American anthropologist

Edmund Snow Carpenter (September 2, 1922 – July 1, 2011) was an American anthropologist best known for his work on tribal art and visual media.

==Early life==
Edmund Snow Carpenter was born on September 2, 1922, in Rochester, New York to the artist and educator Fletcher Hawthorne Carpenter (1879–1954) and Agnes "Barbara" Wight (1883–1981). He was one of four children.

He was a fraternal twin with Collins W. "Connie" Carpenter, later of Canandaigua, New York.

He was a descendant of William Carpenter (1605 England - 1658/1659 Rehoboth, Massachusetts) the founder of the Rehoboth Carpenter family who came to America in the mid-1630s.

Carpenter began his anthropology studies under Frank G. Speck at the University of Pennsylvania in 1940. After completing his semester in early 1942, he volunteered to serve his country during World War II.

==World War II==
He joined the United States Marine Corps in early 1942, fighting in the Pacific Theater of Operations for the duration of the war especially in New Guinea, the Solomon Islands, the Marianas, and Iwo Jima. After the war ended, he was assigned to oversee hundreds of Japanese prisoners, putting them to work on an archaeological dig in Tumon, Guam.

==Post war==
Discharged as a captain in 1946, he returned to the University of Pennsylvania using his G.I. Bill, was awarded a bachelor's degree, and earned his doctorate four years later in 1950. His doctoral dissertation was on the pre-history of the Northeast, entitled Intermediate Period Influences in the Northeast.

Carpenter began teaching anthropology at the University of Toronto in 1948, taking side jobs such as radio programming for the Canadian Broadcasting Corporation (CBC). In 1950, he started fieldwork among the Aivilingmiut, returning to these Inuit in Nunavut in the famine winter of 1951–52, and again in 1955.

When public television took off in Canada with the launching of CBC-TV in 1952, Carpenter began producing and hosting a series of shows.

Moving back and forth between Toronto's broadcasting studios and Arctic hunting camps, Carpenter collaborated on the theoretical ideas in development by Harold Innis and Marshall McLuhan.
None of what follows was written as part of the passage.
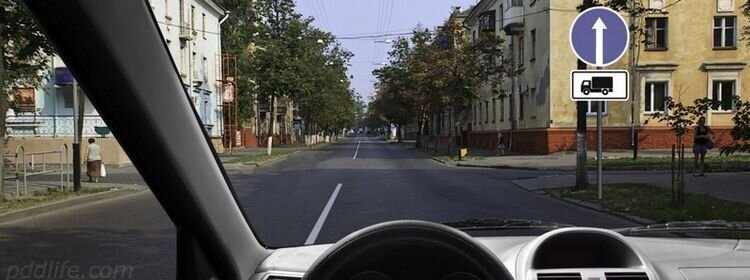 Тест ПДД: знак «Движение прямо» и табличка — как правильно проехать перекрёсток на небольшом грузовике

He and McLuhan co-taught a course, and together hatched core ideas about the agency of modern media in the process of culture change.
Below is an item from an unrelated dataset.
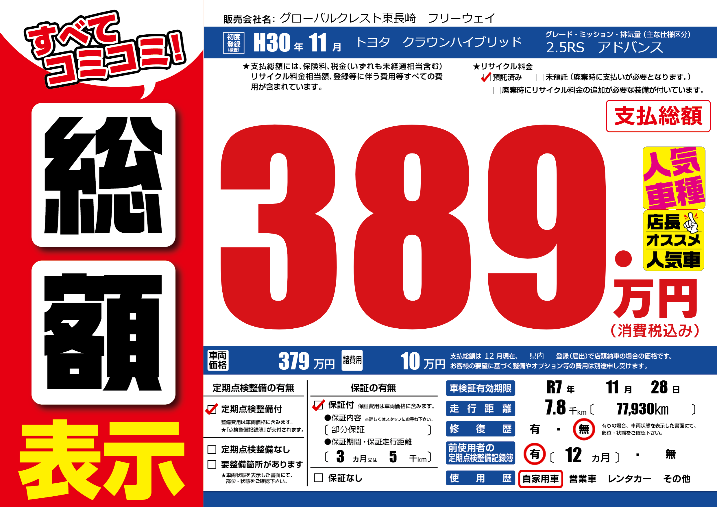| 走行キロ | 0.7万km | 初年度登録 | H30年11月 |

In 1953, after a well-received proposal written by Carpenter, he and McLuhan received a Ford Foundation grant for an interdisciplinary media research project, which funded both the Seminar on Culture and Communication (1953–1959) and their co-edited periodical Explorations throughout the 1950s. Meanwhile, Carpenter continued his programs on CBC-TV, including a weekly show also titled "Explorations" (which started as a radio program).
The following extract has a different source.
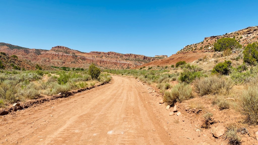 These may have been county roads, but they were pretty rough in places. It was nothing my KLR couldn’t handle, but I wouldn’t want to take my van down them. It was a fun ride but a steep descent into the valley as well. I spent a lot of time in first gear, using the brakes to manage my speed as well. The dirt changed from brown to red as I descended. I felt like I was in an eveRide video, since the landscape looked the same. He’s in Utah as well. In the end, I started seeing signs for sights in the park. Finally, the road turned back to pavement, and I was on the road leading back to the campground. It actually went through! I have no desire to ride it again, but the adventure was definitely worth it the one time.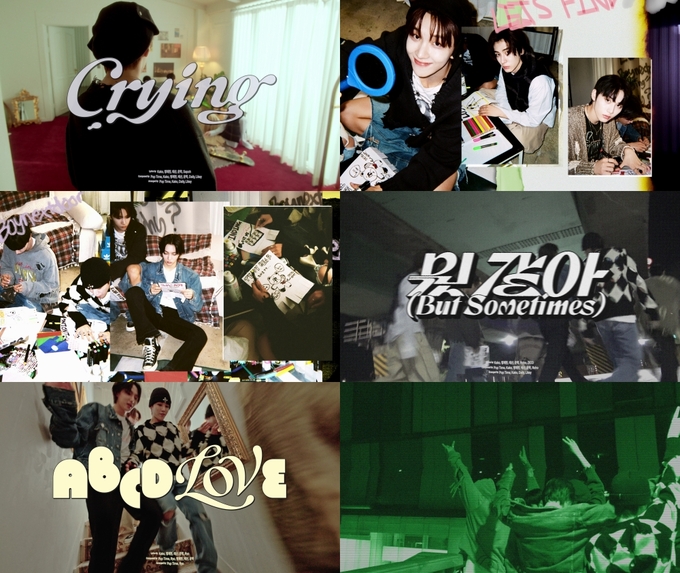 빈티지한 사운드가 귀를 사로잡는 ‘Crying’에서는 “두 번 다시 사랑은 못해 나 / 진짜 돌아버릴 것 같단 말이야”라는 가사처럼 서툰 첫사랑을 끝내고 힘든 시간을 보내는 소년들의 공허한 감정을 느낄 수 있다. 또 다른 수록곡 ‘ABCDLOVE’는 칠한 멜로디에 감성적인 보컬을 얹어 떠난 이의 빈자리가 차차 익숙해지기를 바라는 마음을 경쾌한 그루브로 표현한 곡이다. 명재현, 태산, 운학은 ‘Crying’과 ‘ABCDLOVE’의 작사와 작곡 크레디트에도 이름을 올렸다.

Together with Harold Innis, Eric A. Havelock, and Northrop Frye, McLuhan and Carpenter have been characterized as the Toronto School of communication theory. In his famous article "The New Languages" (1956), Carpenter offers a succinct analysis of modern media based on years of participant observation in different cultures, academic and popular print publishing, and radio and television broadcasting.

==Visual media==
In 1959, Carpenter joined anthropologist Raoul Naroll at San Fernando Valley State College (California State University-Northridge) and was appointed an assistant professor and founder of an experimental interdisciplinary program of Anthropology and Art, where students were trained in visual media, including filming. As the only faculty member in the new department, Carpenter went on to hire more faculty. In 1960, he was promoted to the rank of associate professor. In 1961, he was made chairman of the anthropology department.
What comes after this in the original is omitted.